Exercise directions – Could you copy the records below exactly, keeping none of the images?
(Records provided begins)
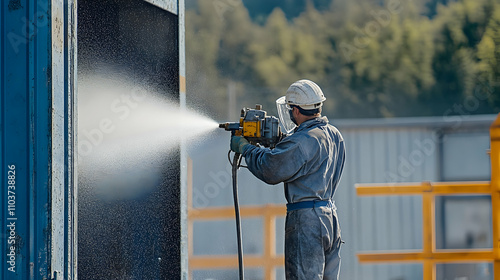 Industrial Worker Spray Painting Metal Surface Outdoors, Protective Gear, Precise Application, Efficient Technique
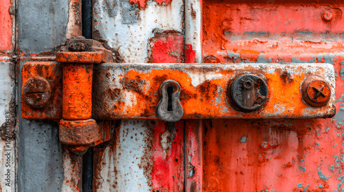 rust, lock, door, container, metal, corrosion, weathered, iron, paint, security, mechanism, key, surface, orange, steel, gate, old, relic, craftsmanship, worn, pattern, oxidized, grunge, industrial, hardware, tool, rusted, box, worn-out, barrier, retro, decay, handle, aged, texture, object, rugged, alloy, material, vintage, component, fastener, tarnished, machinery, latch
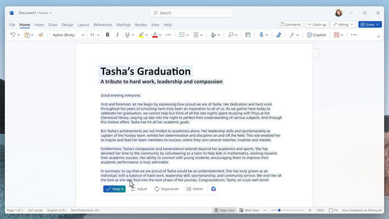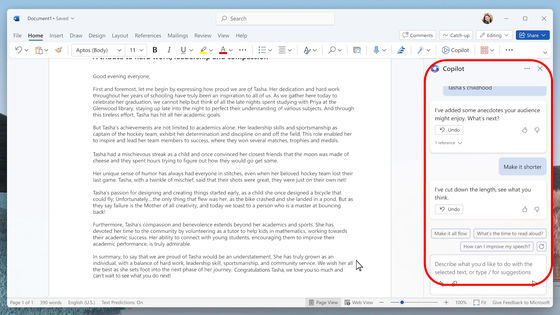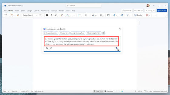 Word에서는「졸업 축하에서 말할 3분간의 스피치 원고」 작성을 Copilot에 의뢰합니다.
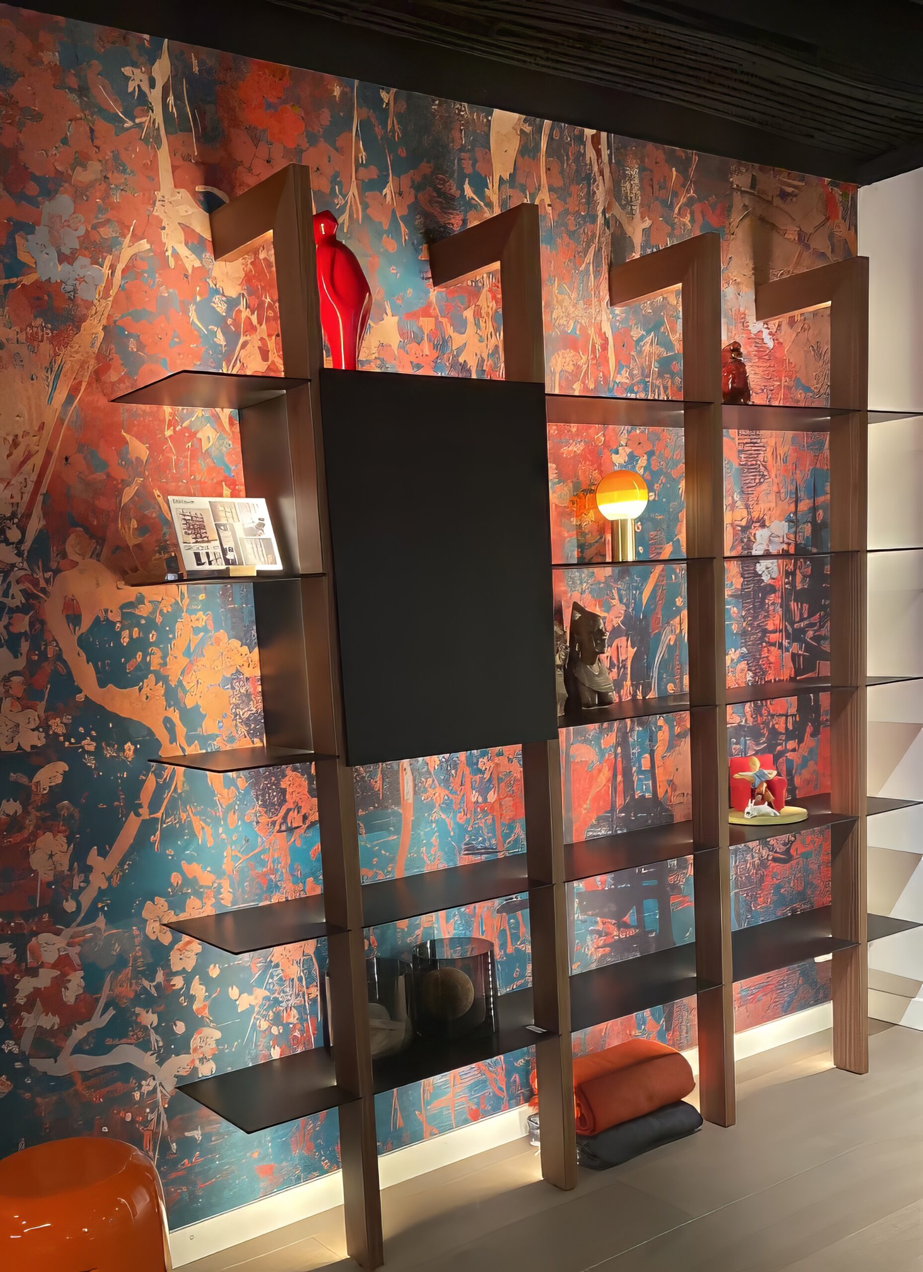 Prachtwonen is a special, atmospheric design furniture store in Bergen op Zoom – The Netherlands, featuring well-known furniture brands and beautifully designed spaces. In one of these rooms, they have applied the bold “The Splash No.2″ wallpaper by daisy james in a way that everyone would love to have in their own living room. With a sleek design cabinet in front of it, incorporating colour accents from the wallpaper and built-in lighting, the colours of this luxury wallpaper are highlighted even more. The overall effect feels like a piece of art in your living room, where you can keep admiring the details. The graffiti-like atmosphere of “The Splash No.2″, with warm colours like red, orange, white, blue, and gold, makes this design wallpaper truly exceptional. This unique wallpaper is frequently used in living rooms and other interiors, providing a modern and artistic look. Our clients love incorporating “The Splash No.2″ into various projects, and we are proud of how much ambiance this wallpaper brings to living rooms and design interiors.
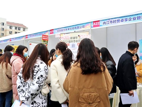 四川在线消息(张啸 宋廷梅 邓顺仙)12月6日,内江师范学院举办2021届毕业生就业双选会活动,共设展位500个,超2000名学生与企业达成初步签约意向。
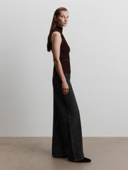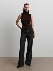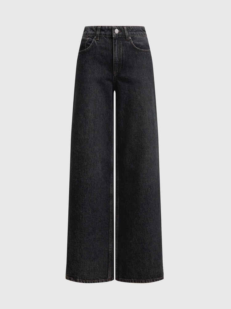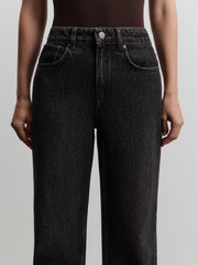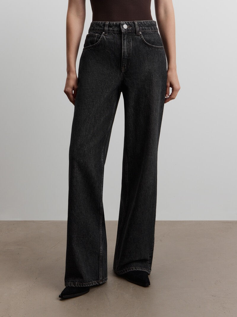 Широкие длинные джинсы с высокой посадкой — уже классика. Такие джинсы визуально удлиняют силуэт, но если хотите усилить эффект, дополните образ обувью на каблуке. Материал — прочный и долговечный деним плотностью 14,5 Oz c выраженным рубчиком. Застегиваются на молнию и дополнены патчем из натуральной кожи.
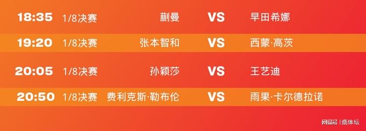此外,中国台北名将林昀儒、法国名将大勒布伦和瑞典名将莫雷加德此前也赢得晋级,八强席位到当今也曾产生6席,剩余2场比赛是张本智和VS西蒙·高茨、雨果VS小勒布伦。
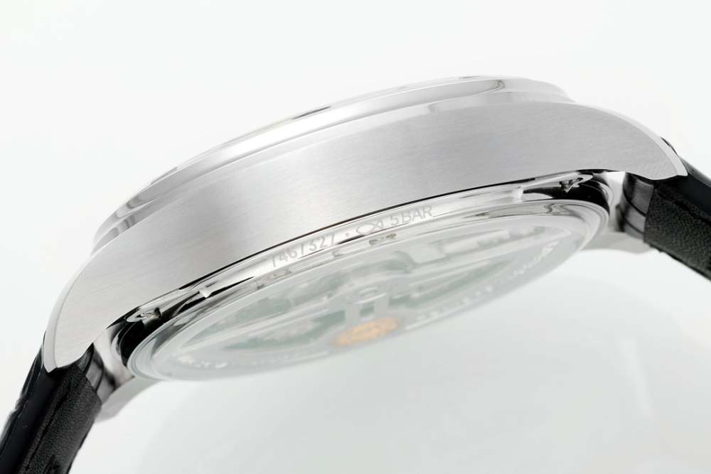 MOVEMENT:Asia New Clone 52010 Automatic Movement, Platinum Plated bridges and insignia similar to Genuine IWC52010 Movement (Working Power Reserve Needle)
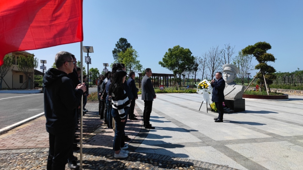 黨員們在陳士榘將軍故居前莊嚴肅立重溫入黨誓詞,表達對革命先烈的敬仰和追思,面對陳士榘將軍雕像默哀鞠躬敬獻花籃,共同緬懷他的革命精神和崇高風范。
(Records provided ends)
Response area –
 Industrial Worker Spray Painting Metal Surface Outdoors, Protective Gear, Precise Application, Efficient Technique
 rust, lock, door, container, metal, corrosion, weathered, iron, paint, security, mechanism, key, surface, orange, steel, gate, old, relic, craftsmanship, worn, pattern, oxidized, grunge, industrial, hardware, tool, rusted, box, worn-out, barrier, retro, decay, handle, aged, texture, object, rugged, alloy, material, vintage, component, fastener, tarnished, machinery, latch
 Word에서는「졸업 축하에서 말할 3분간의 스피치 원고」 작성을 Copilot에 의뢰합니다.
 Prachtwonen is a special, atmospheric design furniture store in Bergen op Zoom – The Netherlands, featuring well-known furniture brands and beautifully designed spaces. In one of these rooms, they have applied the bold “The Splash No.2″ wallpaper by daisy james in a way that everyone would love to have in their own living room. With a sleek design cabinet in front of it, incorporating colour accents from the wallpaper and built-in lighting, the colours of this luxury wallpaper are highlighted even more. The overall effect feels like a piece of art in your living room, where you can keep admiring the details. The graffiti-like atmosphere of “The Splash No.2″, with warm colours like red, orange, white, blue, and gold, makes this design wallpaper truly exceptional. This unique wallpaper is frequently used in living rooms and other interiors, providing a modern and artistic look. Our clients love incorporating “The Splash No.2″ into various projects, and we are proud of how much ambiance this wallpaper brings to living rooms and design interiors.
 四川在线消息(张啸 宋廷梅 邓顺仙)12月6日,内江师范学院举办2021届毕业生就业双选会活动,共设展位500个,超2000名学生与企业达成初步签约意向。
 Широкие длинные джинсы с высокой посадкой — уже классика. Такие джинсы визуально удлиняют силуэт, но если хотите усилить эффект, дополните образ обувью на каблуке. Материал — прочный и долговечный деним плотностью 14,5 Oz c выраженным рубчиком. Застегиваются на молнию и дополнены патчем из натуральной кожи.
此外,中国台北名将林昀儒、法国名将大勒布伦和瑞典名将莫雷加德此前也赢得晋级,八强席位到当今也曾产生6席,剩余2场比赛是张本智和VS西蒙·高茨、雨果VS小勒布伦。
 MOVEMENT:Asia New Clone 52010 Automatic Movement, Platinum Plated bridges and insignia similar to Genuine IWC52010 Movement (Working Power Reserve Needle)
 黨員們在陳士榘將軍故居前莊嚴肅立重溫入黨誓詞,表達對革命先烈的敬仰和追思,面對陳士榘將軍雕像默哀鞠躬敬獻花籃,共同緬懷他的革命精神和崇高風范。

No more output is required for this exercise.